Performance GPU implementation on NVIDIA Jetson TK1
Hello,
I recently have implemented a simple algorithm for GPU that works on the pixels of an image. It performs operations such as additions, subtractions, multiplications, divisions, max, split, merge etc. I am using NVIDIA Jetson TK1 for the experiments. I am comparing the performance of the same algorithm using GPU and CPU (of course I adapted the GPU code for CPU). The image is RGB of size 720x576.
I concluded that the algorithm on GPU is much much slower than that on CPU.
The majority of the time is used for the allocation of the memory. For example, this operation
cv::gpu::GpuMat img_gpu(host_img.size(), CV_8UC3);
img_gpu.upload(host_img);
takes on average 2 seconds.

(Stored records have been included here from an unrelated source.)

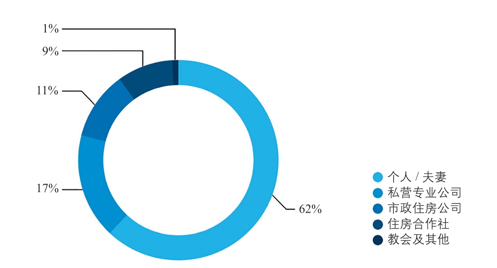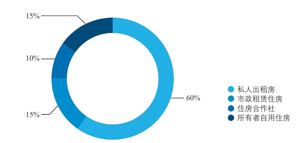 住房合作社是德国租赁住房市场的重要组成部分,接受政府支持并受法律与章程保护,成为市民以低成本获得稳定生活的重要选择。据统计,德国每年合作建房在所有新建租赁住宅中占比超过30%,是德国租赁住宅建设的主要组织形式之一[14]。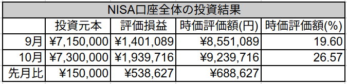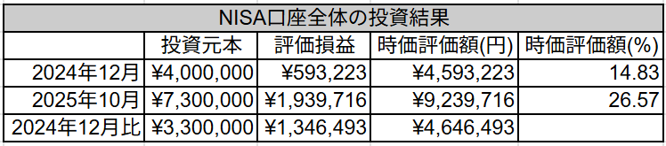 最後にNISA口座全体(旧NISAと新NISA)の結果を見ていきます。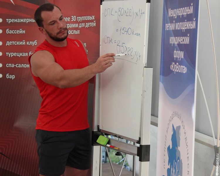 Фитнес-инструктор Антон Шкурников поведал собравшимся не только о правильном выборе полезных продуктов, но и необходимости соблюдения основ здорового питания. Заключаются они в следующем: принимать пищу нужно понемногу в течение всего дня с определёнными интервалами – 5-6 раз. Именно такой подход к питанию и является самым оптимальным. А напоследок в конце лекции каждый будущий юрист получил возможность задать дополнительные вопросы.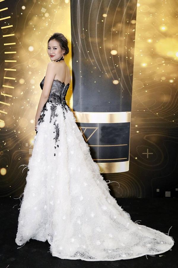 Diện đầm xòe đuôi cá cúp ngực, Khánh Ngân khoe được hết lợi thế cơ thể của mình. Kiểu tóc chải ngược cũng giúp cô có được gương mặt sáng, ăn hình.
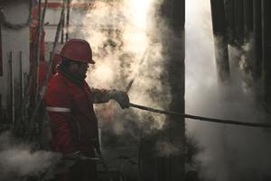 (250220) -- AKSU, 20 febrero, 2025 (Xinhua) -- Imagen del 19 de febrero de 2025 de un trabajador laborando en el "Shenditake 1", un pozo ultraprofundo, en el corazón del desierto de Taklimakan en la cuenca del Tarim, en la región autónoma uygur de Xinjiang, en el noroeste de China. La estatal petrolera Corporación Nacional de Petróleo de China anunció el jueves que completó la perforación del pozo vertical más profundo de Asia, que alcanzó una profundidad de 10.910 metros, en una zona desértica del noroeste del país. (Xinhua/Hu Huhu) (da) (ra) (vf)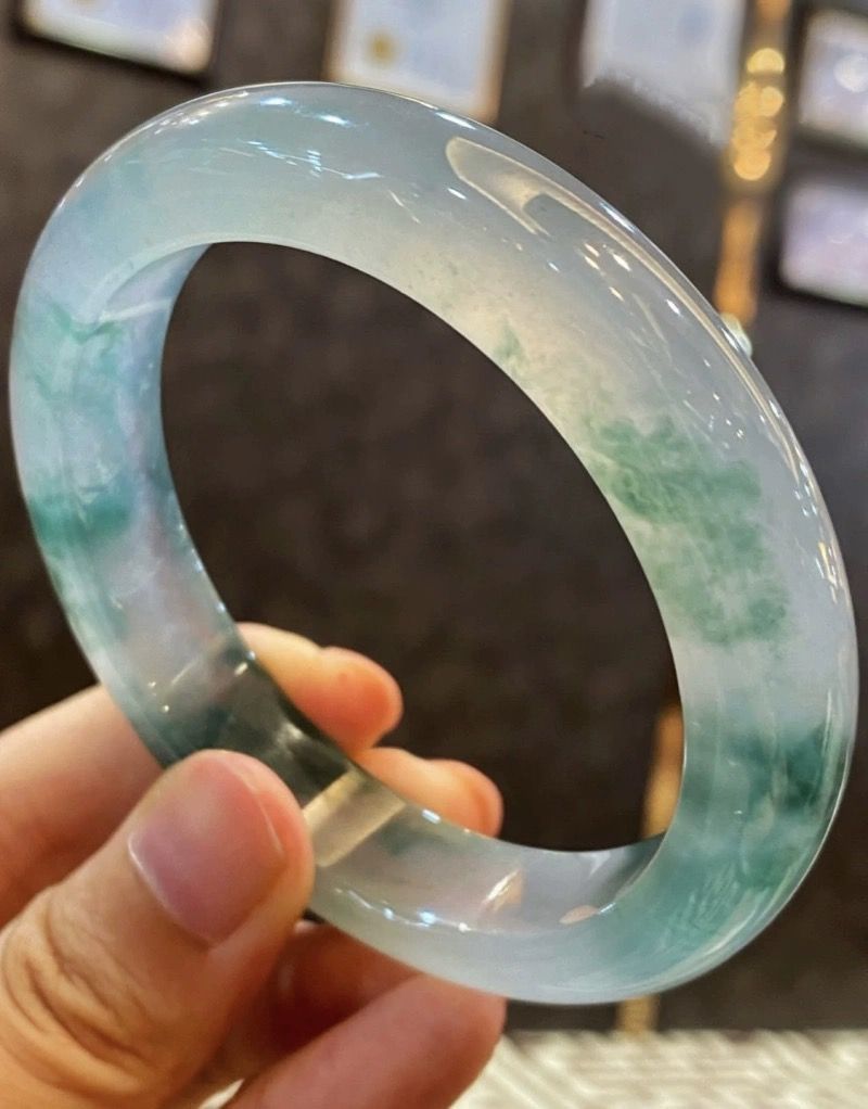 天然ミャンマーの古い坑a商品の翡翠の腕輪の氷のモチの種の油の青い色は花の浅い陽の緑色の翡翠の玉の腕輪の子を漂っています。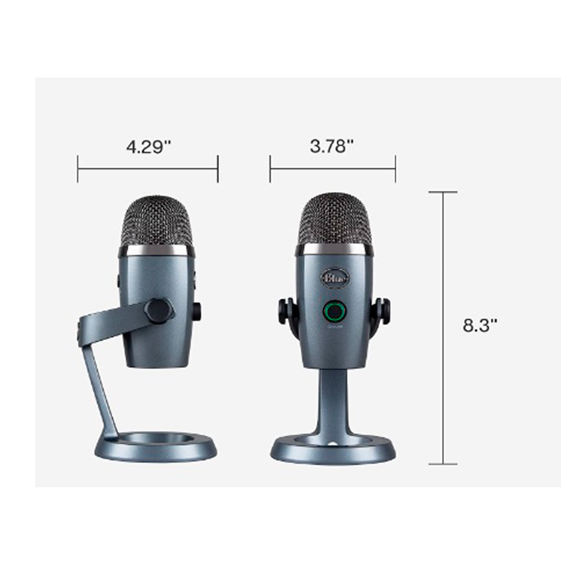 - Dimensiones (micrófono con soporte): L: 4.29 "(10.9cm) W: 3.78" (9.6cm) H: 8.31 "(21.1cm).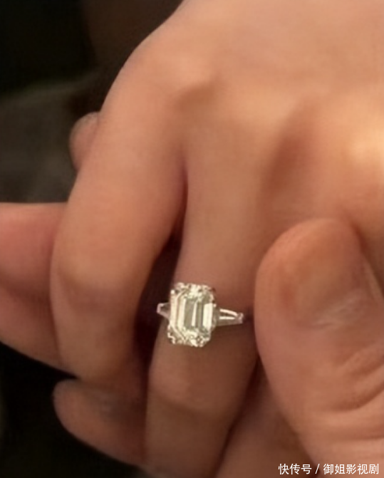 下边那只手,是汪小菲的,他轻柔地捏着马筱梅的手指,像在抚弄一朵鲜花。而上面那只手,是马筱梅的。她的中指上,已经套上了一枚大大的长方形方钻戒指。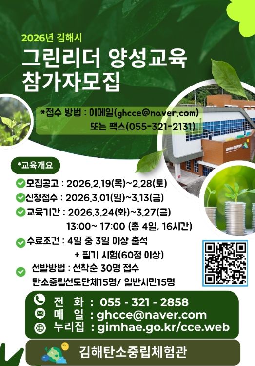 그린리더 양성교육은 김해시민을 대상으로 탄소중립 선도단체 15명과 일반시민 15명 등 총 30명을 선착순 모집해 3월 24일부터 27일까지 총 4일간 김해탄소중립체험관 교육장에서 교육을 진행한다.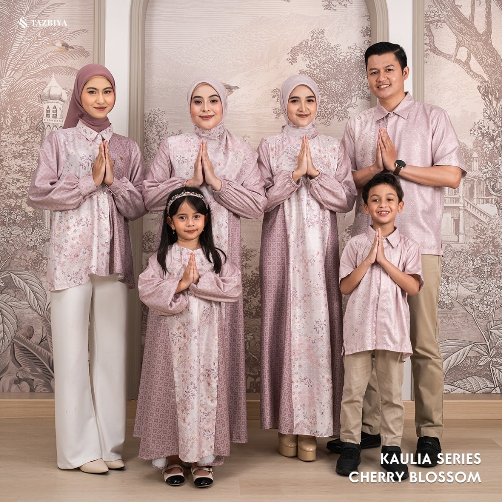 TAZBIYA - Sarimbit Motif Keluarga Kaulia (Gamis Sarimbit Lebaran 2026, Baju Sarimbit Keluarga, Tunik Blouse Sarimbit Idul Fitri)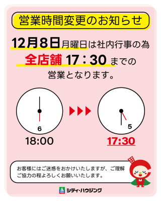 誠に勝手ながら、社内行事のため、下記の通り営業終了時間を変更させていただきます。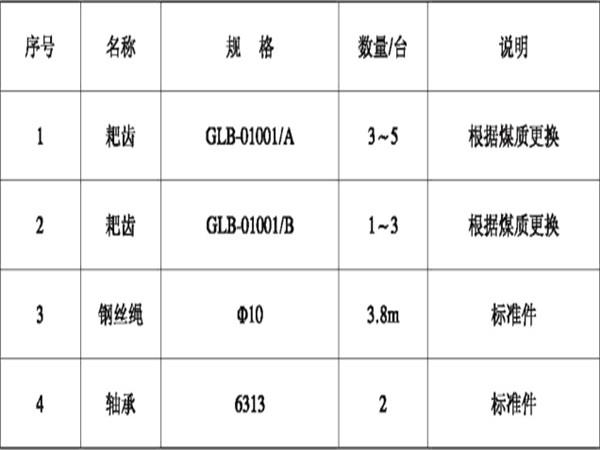 GLB4800-15型耙式(變傾角)給料機易損件明細(xì)表:

If I don't allocate the memory first and I do the upload, letting upload allocate the memory (I guess), i.e.
cv::gpu::GpuMat img_gpu;
img_gpu.upload(host_img);
it takes (roughly) the same time.
Also there are other operations that are faster on CPU, like split, converTo, Max. The code is pretty simple. It is just a bunch of operations, one after the other, done on the RGB channels independently.
My questions are. Am I doing something wrong? Am I missing something? Is the cache of the GPU too small to handle an image of 720x576?
Thanks in advance,
Durden